PaperBanana: Automating Academic Illustration for AI Scientists

Dawei Zhu^1,2*, Rui Meng², Yale Song², Xiyu Wei¹, Sujian Li¹, Tomas Pfister², Jinsung Yoon²

¹Peking University
²Google Cloud AI Research

Corresponding author(s): dwzhu@pku.edu.cn, lisujian@pku.edu.cn, jinsungyoon@google.com

Examples of methodology diagrams and statistical plots generated by PaperBanana, which show the potential of automating the generation of academic illustrations.

Despite rapid advances in autonomous AI scientists powered by language models, generating publication-ready illustrations remains a labor-intensive bottleneck in the research workflow. To lift this burden, we introduce PaperBanana, an agentic framework for automated generation of publication-ready academic illustrations. Powered by state-of-the-art VLMs and image generation models, PaperBanana orchestrates specialized agents to retrieve references, plan content and style, render images, and iteratively refine via self-critique. To rigorously evaluate our framework, we introduce PaperBananaBench, comprising 292 test cases for methodology diagrams curated from NeurIPS 2025 publications, covering diverse research domains and illustration styles. Comprehensive experiments demonstrate that PaperBanana consistently outperforms leading baselines in faithfulness, conciseness, readability, and aesthetics. We further show that our method effectively extends to the generation of high-quality statistical plots. Collectively, PaperBanana paves the way for the automated generation of publication-ready illustrations.

Method Overview

We propose PaperBanana, a reference-driven agentic framework for automated academic illustration. As illustrated in the diagram (generated by ) below, PaperBanana orchestrates a collaborative team of five specialized agents—Retriever, Planner, Stylist, Visualizer, and Critic—to transform raw scientific content into publication-quality diagrams and plots.

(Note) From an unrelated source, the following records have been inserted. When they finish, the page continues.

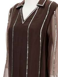 v-neck stud-embellished blouse Highlights - Brown - Silk - V-neck - Metal-stud details - Long sleeves Imported Composition Silk 100% Washing instructions Read Manufacturer Guidelines
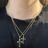 An adult-size polished 14K yellow gold engraved cross pendant on a heavy rope chain necklace.
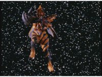 Sting King floats in from our right in space, then fires his right stinger arm forth. |
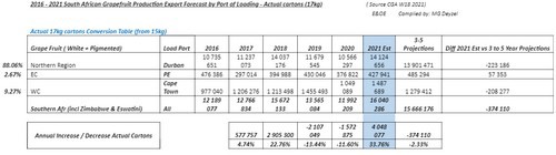 The recent industry figures released states that in 2020 +/- 11,992 million 17kg cartons (actual ) were exported. The current estimate for 2021 stands at +/-16 million, but the prediction for the next 3-5 years shows a potential decrease of about 377,000 cartons.
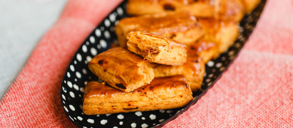 A sütőt 200 fokra előmelegítjük. A tésztát lisztezett munkalapra tesszük, átgyúrjuk és 1,5 centi vastagságú téglalappá nyújtjuk. Rudakat vágunk belőle, sütőpapírral leterített tepsire tesszük és megkenjük kissé felvert tojással. 15 perc alatt készre sütjük a forró sütőben.
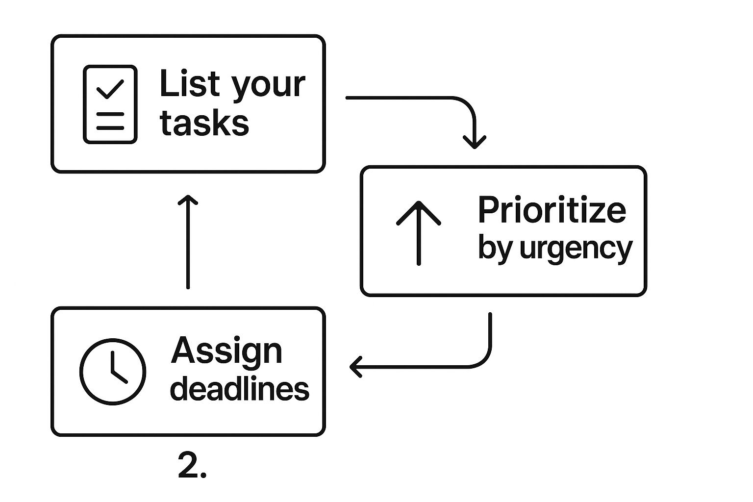 This infographic simplifies the workflow for handling tasks once they land on your dashboard, emphasizing the cycle of listing, prioritizing, and setting deadlines.
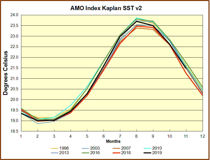 But the peaks coming nearly every summer in HadSST require a different picture. Let’s look at August, the hottest month in the North Atlantic from the Kaplan dataset. The AMO Index is from from Kaplan SST v2, the unaltered and not detrended dataset. By definition, the data are monthly average SSTs interpolated to a 5×5 grid over the North Atlantic basically 0 to 70N. The graph shows warming began after 1992 up to 1998, with a series of matching years since. Because the N. Atlantic has partnered with the Pacific ENSO recently, let’s take a closer look at some AMO years in the last 2 decades. This graph shows monthly AMO temps for some important years. The Peak years were 1998, 2010 and 2016, with the latter emphasized as the most recent. The other years show lesser warming, with 2007 emphasized as the coolest in the last 20 years. Note the red 2018 line is at the bottom of all these tracks. The black line shows that 2019 began slightly cooler, then tracked 2018, then rose to match previous summer pulses, before dropping the last three months to again match 2018 below other years.

Retriever Agent: Identifies relevant reference examples to guide downstream agents.
Planner Agent: Acts as the cognitive core, translating context into detailed textual descriptions.
Stylist Agent: Ensures adherance to academic aesthetic standards by synthesizing guidelines from references.
Visualizer Agent: Transforms textual descriptions into visual output or executable code.
Critic Agent: Inspects generated images/plots against the source to provide feedback for refinement.

Benchmark Construction

The lack of benchmarks hinders rigorous evaluation of automated diagram generation. We address this with PaperBananaBench, a dedicated benchmark curated from NeurIPS 2025 methodology diagrams, capturing the sophisticated aesthetics and diverse logical compositions of modern AI papers. The construction pipeline ensures high quality through: (1) Collection & Parsing, (2) Filtering, (3) Categorization, and (4) Human Curation. The final dataset comprises 584 valid samples, partitioned into 292 test and 292 reference cases.

[Plot generated by from raw data] Statistics of the test set of PaperBananaBench (totaling 292 samples). The average length of source context / figure caption is 3,020.1 / 70.4 words.

Experimental Results

We evaluate PaperBanana on PaperBananaBench, assessing performance across faithfulness, conciseness, readability, and aesthetics. Our method consistently outperforms leading baselines across all four evaluation dimensions.

We further show that our method also seamlessly extends to the generation of high-quality statistical plots. The plot below was itself generated by from our raw data.

Two Advanced Applications

1. Enhancing Aesthetics of Human-Drawn Diagrams. We explore using our summarized aesthetic guidelines to elevate the aesthetic quality of existing human-drawn diagrams. Below is an example:

2. Coding vs Image Generation for Visualizing Statistical Plots. We explore using image generation models for statistical plots generation, comparing with code-based approaches. The results below reveal distinct trade-offs: image generation excels in presentation but underperforms in content fidelity. [The plot below was itself generated by , from our raw data]

Case Study

Case Study of Diagram Generation. Given the same source context and caption, the vanilla Nano-Banana-Pro often produces diagrams with outdated color tones and overly verbose content. In contrast, our PaperBanana generates results that are more concise and aesthetically pleasing, while maintaining faithfulness to the source context.

Enhancing Aesthetics. Additional cases for enhancing the aesthetics of human-drawn diagrams with our auto-summarized style guidelines. The polished diagrams demonstrate significant stylistic improvements in color schemes, typography, graphical elements, etc.

Visualizing Statistical Plots. Case study for visualizing statistical plots with code and image generation. It is observed that the image generation model can generate more visually appealing plots, but incurs more faithfulness errors such as numerical hallucination or element repetition.

Failure Cases. The primary failure mode involves connection errors, such as redundant connections and mismatched source-target nodes. Our preliminary analysis reveals that the critic model often fails to identify these connectivity issues, suggesting these errors may originate from the foundation model's inherent perception limitations.